▶ **Available data**
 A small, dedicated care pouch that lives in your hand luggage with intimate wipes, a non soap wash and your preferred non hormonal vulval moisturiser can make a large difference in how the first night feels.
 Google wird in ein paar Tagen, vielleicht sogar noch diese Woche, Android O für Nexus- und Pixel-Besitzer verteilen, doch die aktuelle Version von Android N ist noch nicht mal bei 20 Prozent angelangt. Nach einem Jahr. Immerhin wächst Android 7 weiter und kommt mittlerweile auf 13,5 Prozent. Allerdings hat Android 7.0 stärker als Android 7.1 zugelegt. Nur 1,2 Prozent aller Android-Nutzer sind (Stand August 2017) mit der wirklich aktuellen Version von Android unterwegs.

---

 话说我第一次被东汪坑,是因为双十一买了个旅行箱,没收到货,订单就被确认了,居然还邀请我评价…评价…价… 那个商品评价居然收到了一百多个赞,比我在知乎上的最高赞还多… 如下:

* * *

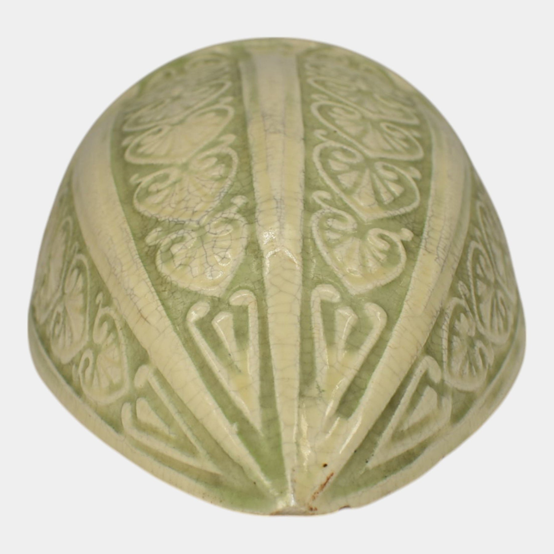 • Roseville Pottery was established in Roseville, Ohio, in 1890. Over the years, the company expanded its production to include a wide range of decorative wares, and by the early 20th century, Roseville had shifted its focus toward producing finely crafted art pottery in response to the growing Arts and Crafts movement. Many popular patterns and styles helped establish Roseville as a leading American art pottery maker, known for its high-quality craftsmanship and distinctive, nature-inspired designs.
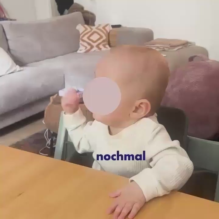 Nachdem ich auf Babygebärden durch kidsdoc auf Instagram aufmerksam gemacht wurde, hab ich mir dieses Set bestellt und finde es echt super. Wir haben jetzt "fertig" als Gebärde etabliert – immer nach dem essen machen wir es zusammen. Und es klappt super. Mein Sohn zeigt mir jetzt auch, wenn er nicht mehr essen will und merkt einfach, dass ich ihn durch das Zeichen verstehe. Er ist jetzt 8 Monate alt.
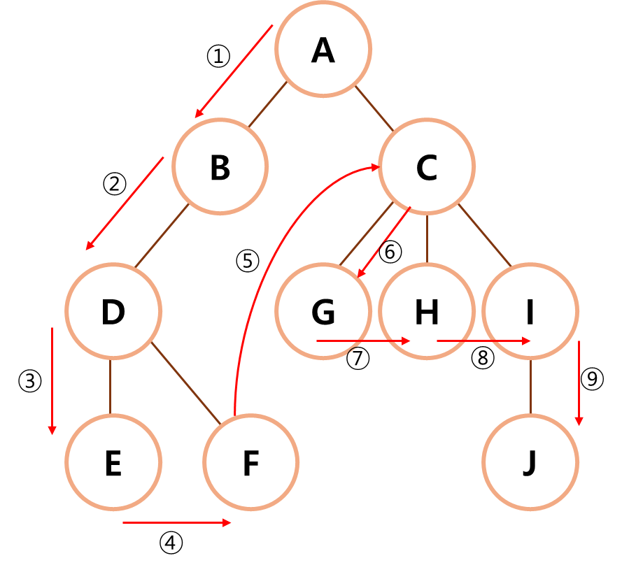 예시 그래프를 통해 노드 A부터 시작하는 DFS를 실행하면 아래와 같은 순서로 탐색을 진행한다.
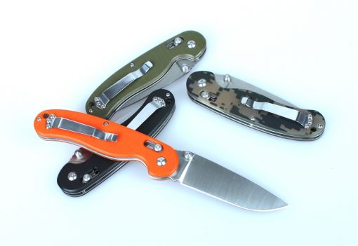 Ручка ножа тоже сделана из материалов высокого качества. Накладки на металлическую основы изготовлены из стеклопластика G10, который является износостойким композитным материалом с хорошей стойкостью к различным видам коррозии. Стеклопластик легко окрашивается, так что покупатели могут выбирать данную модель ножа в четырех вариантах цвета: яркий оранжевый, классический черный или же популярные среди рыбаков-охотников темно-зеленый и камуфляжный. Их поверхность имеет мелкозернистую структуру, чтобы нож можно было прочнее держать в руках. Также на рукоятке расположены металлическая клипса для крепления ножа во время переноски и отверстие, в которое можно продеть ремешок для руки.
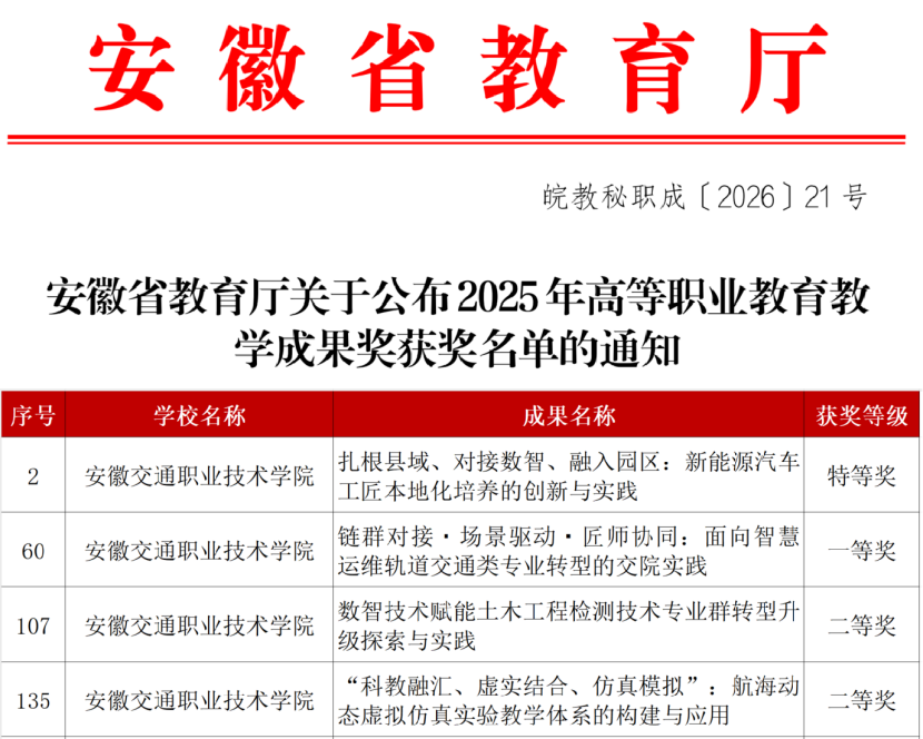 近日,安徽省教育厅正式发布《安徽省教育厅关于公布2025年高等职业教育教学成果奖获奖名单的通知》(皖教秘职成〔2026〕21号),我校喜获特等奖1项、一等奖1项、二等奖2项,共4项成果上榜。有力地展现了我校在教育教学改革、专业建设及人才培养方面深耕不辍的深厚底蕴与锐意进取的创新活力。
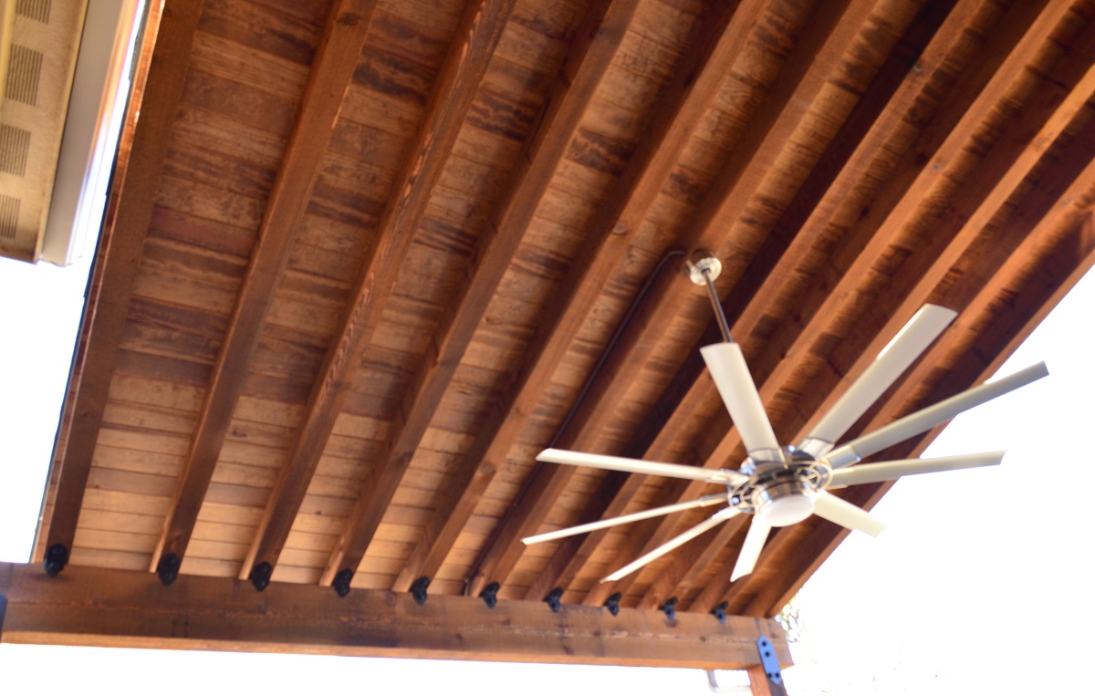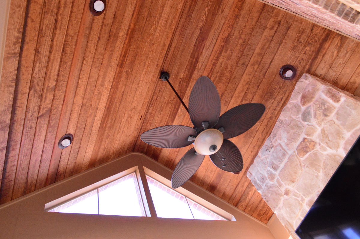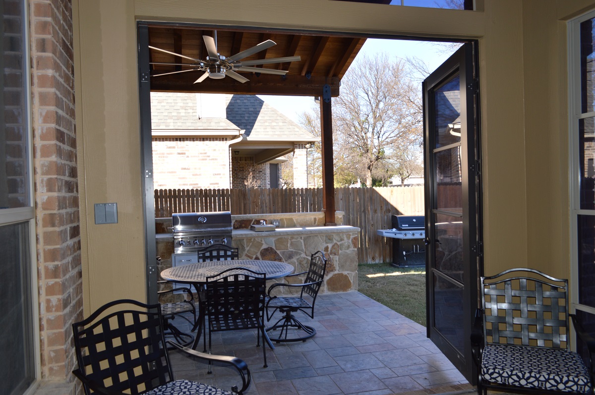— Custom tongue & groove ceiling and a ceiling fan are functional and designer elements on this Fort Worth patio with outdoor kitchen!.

▶ **Assignment**
Starting at the line with "近日,安徽省教育厅正式发布《" in the entries above, write out every line exactly until the line with "with outdoor kitchen!." has been written. Include no pictures and nothing more.

▶ **Solution for this task**
 近日,安徽省教育厅正式发布《安徽省教育厅关于公布2025年高等职业教育教学成果奖获奖名单的通知》(皖教秘职成〔2026〕21号),我校喜获特等奖1项、一等奖1项、二等奖2项,共4项成果上榜。有力地展现了我校在教育教学改革、专业建设及人才培养方面深耕不辍的深厚底蕴与锐意进取的创新活力。
— Custom tongue & groove ceiling and a ceiling fan are functional and designer elements on this Fort Worth patio with outdoor kitchen!.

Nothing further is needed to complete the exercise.